The main conclusions are as follows:
- (1)
The proposed framework provides a physically grounded healthy-state reference for the investigated compressor. The contribution of the study lies not in the generic use of CFD-generated data or machine learning, but in the full-machine real-gas baseline construction, factory-data residual correction, ablation validation, and engineering deployment analysis for an in-service multistage natural-gas compressor.
- (2)
The ablation study shows that the proposed hybrid model outperforms both the uncorrected CFD baseline and the factory-data-only model trained with the same 300 factory samples. After residual correction, the maximum prediction errors of power, polytropic head, and polytropic efficiency on the factory validation subset are reduced to 0.611%, 0.481%, and 0.899%, respectively.
- (3)
SHAP analysis shows that rotational speed is the dominant factor in outlet pressure, outlet temperature, power, and polytropic-head prediction, whereas inlet volumetric flow rate is the dominant factor in polytropic-efficiency prediction. These findings are consistent with centrifugal-compressor operating physics and indicate that the final model is not merely a black-box predictor.
- (4)
Post-overhaul quasi-steady field validation demonstrates that the final model maintains stable predictive capability under practical station conditions, with maximum relative errors of 1.650%, 3.048%, and 1.708% for outlet pressure, power, and polytropic efficiency, respectively. The larger post-overhaul power error should be considered when defining condition-assessment thresholds; deviations smaller than the model uncertainty should not be interpreted as degradation without supporting evidence from other performance indicators.

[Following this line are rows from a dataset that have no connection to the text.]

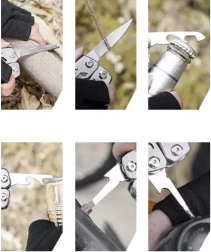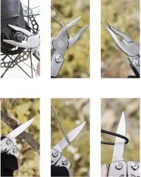 Pripravljeno na vse: nož, žagica, klešče, kombinirke, rezalnik žic, odpirači in izvijači za aktivnosti na prostem, delavnico in vsakodnevno uporabo.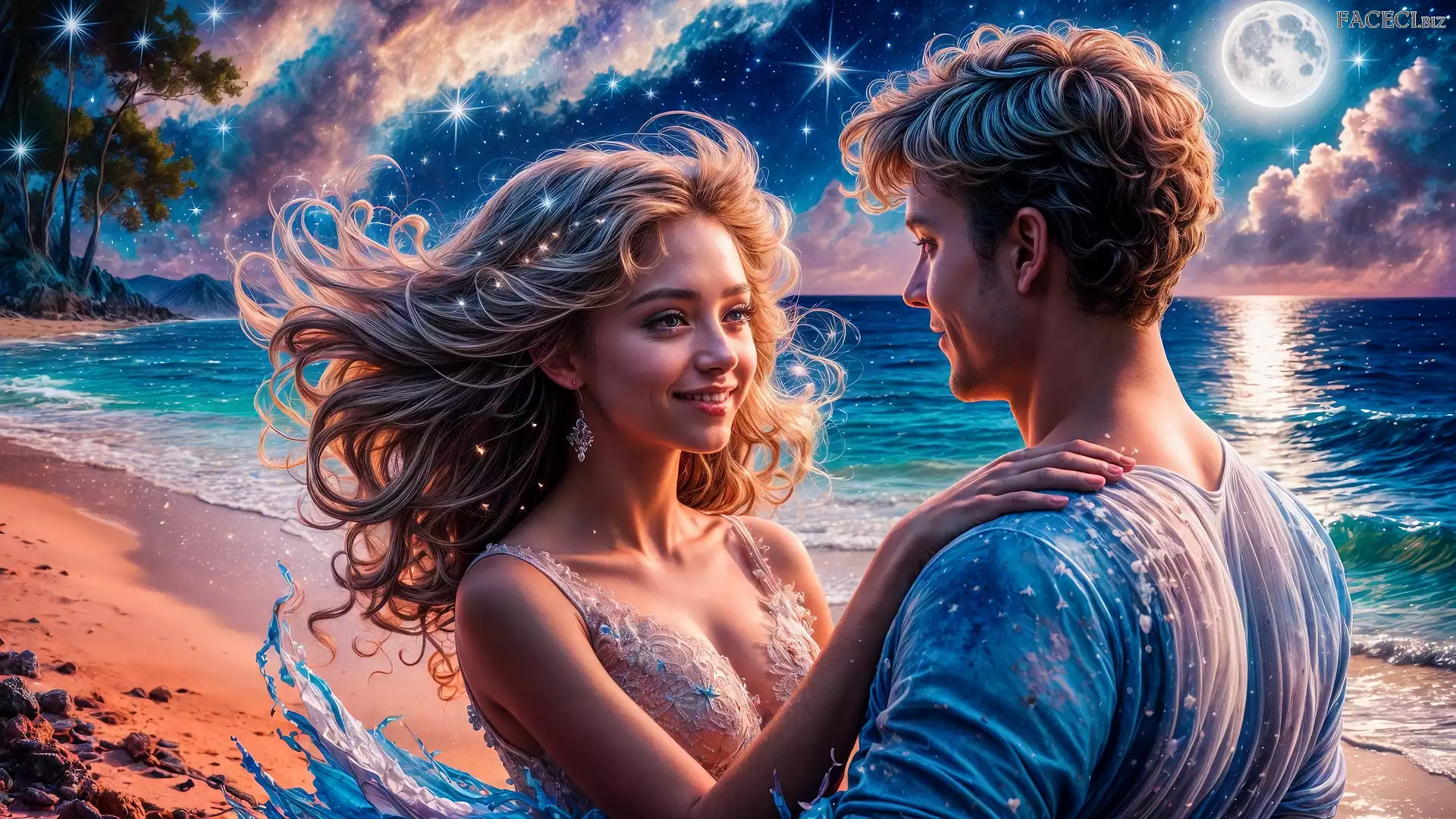 Księżyc, Kobieta, Mężczyzna, Morze, Grafika, Zakochani, Noc - faceci.biz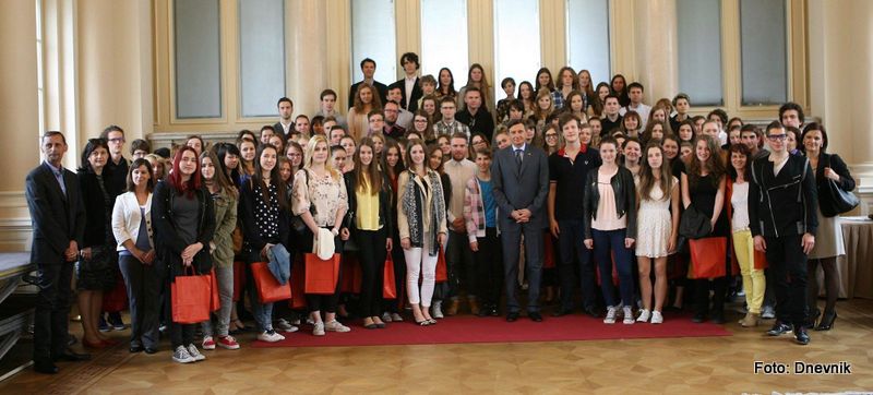 Ta nas je sprejel v kristalni palači, v kateri so nam družbo delali tudi trije izjemni dijaki – Miha Hrobat, svetovni mladinski prvak v superveleslalomu, Urban Stanič, ki je na evrovizijskem tekmovanju mladih glasbenikov v Kölnu dosegel drugo mesto, in Maruša Kerenčnik, dobitnica bronaste medalje na mladinski naravoslovni olimpijadi. Po uvodnem govoru predsednika države, je pogovor v svoje roke prevzel že prej omenjeni voditelj in vsem trem zastavil nekaj vprašanj, nekaj pa so jih na koncu dodali še mladi novinarji.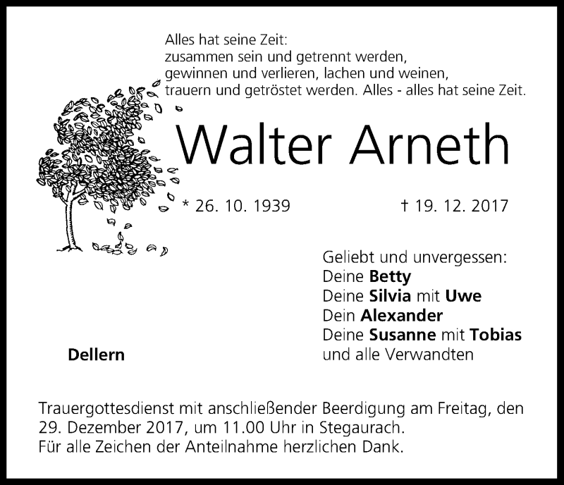 Hier finden Sie alle Traueranzeigen aus der Zeitung, die bisher für Walter Arneth erschienen sind. Weitere Traueranzeigen, die in der Zeitung erscheinen, werden hier ebenfalls aufgelistet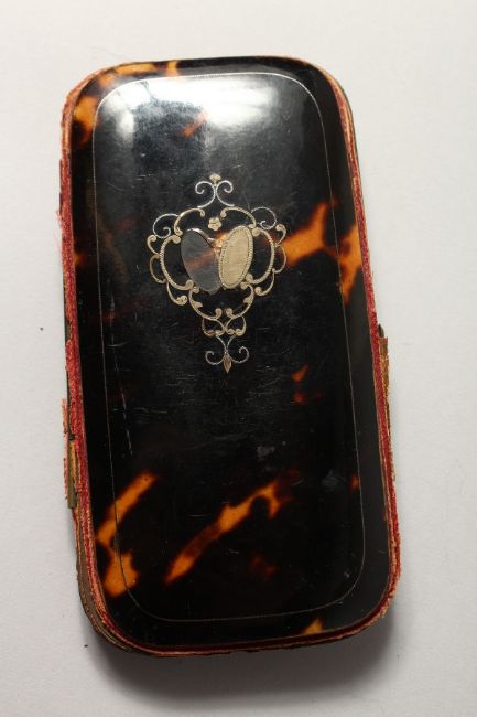 A VICTORIAN INLAID TORTOISESHELL SPECTACLE CASE.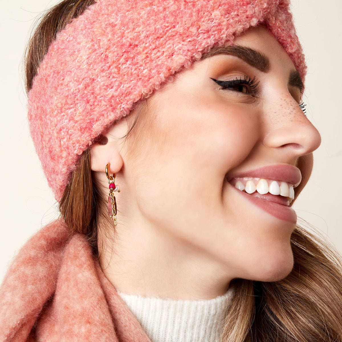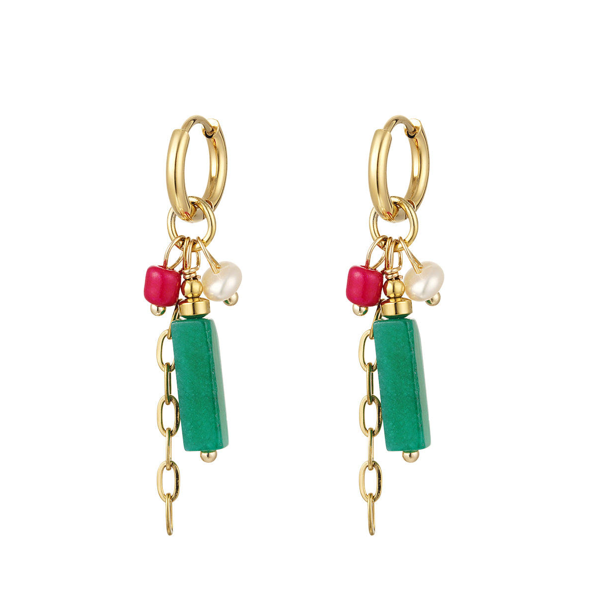 Speelse oorbellen met donker groene rechthoekige steen en kraaltjes en een bungelend kettinkje. De oorbellen zijn gemaakt van stainless steel, hematiet, glaskralen, parels en steentjes. De oorbellen hebben een gewicht van 4,2 gram en zijn 4,5 cm lang en perfect te combineren met meerdere gouden oorbellen.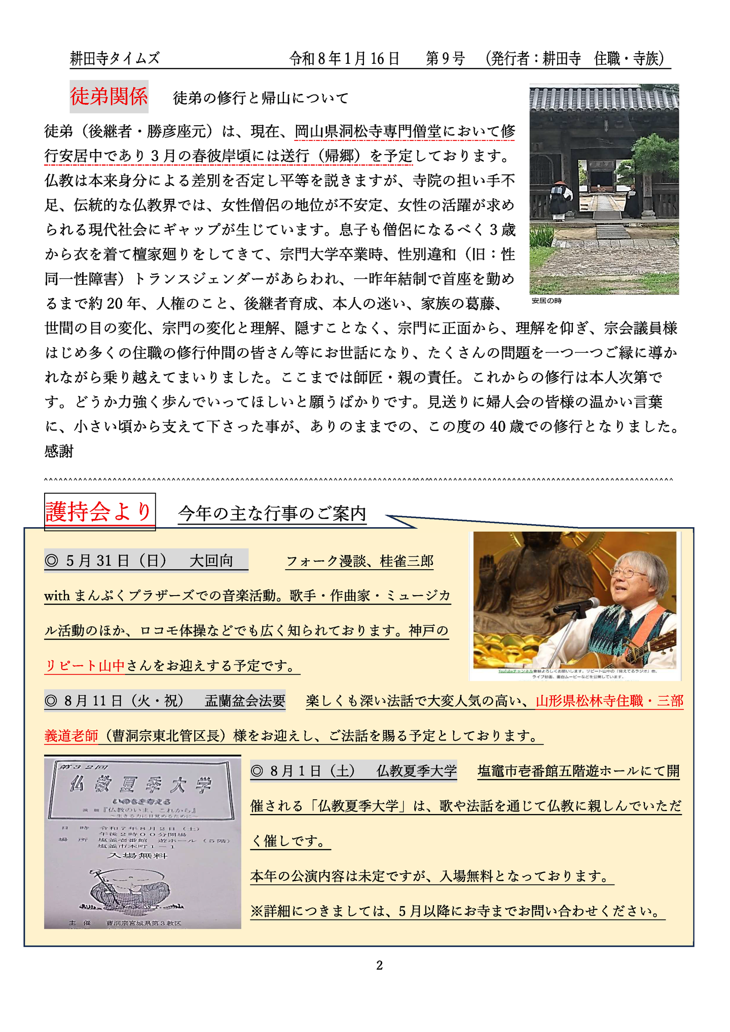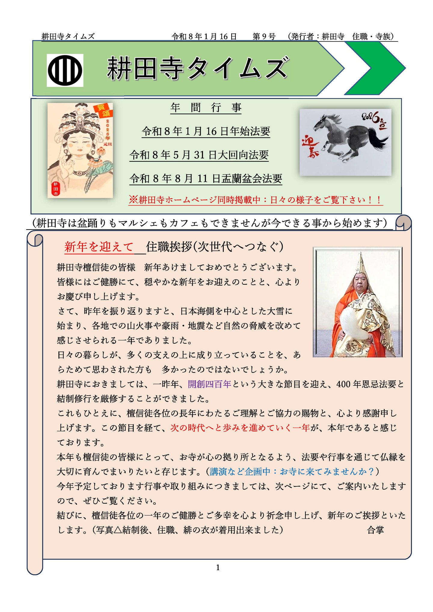 ホーム/耕田寺タイムズ/ 令和8年1月 第9号 耕田寺タイムズ 令和8年1月 第9号 2026年01月 前のページへ 次のページへ ホーム お寺のひとこま 檀信徒へお知らせ 耕田寺について 歴史 福地山 耕田寺 境内の案内 霊園の案内 曹洞宗 お唱えの仕方 お問い合わせ

The proposed framework is computationally practical because the high-cost CFD simulations are performed only during offline database generation. Once the surrogate and residual-correction models are trained, online prediction requires less than 1 ms per operating point on a typical CPU platform, which is far shorter than the SCADA sampling interval. Therefore, the framework can support real-time condition assessment from the perspective of online inference, although CFD database construction and model retraining remain offline procedures.
The transferability of the calibrated model has not yet been fully demonstrated because the present validation is limited to one compressor unit at one station. For same-type compressors at other stations, the CFD-generated baseline may provide a reusable physical reference, but station-specific residual recalibration and independent validation are still required before deployment.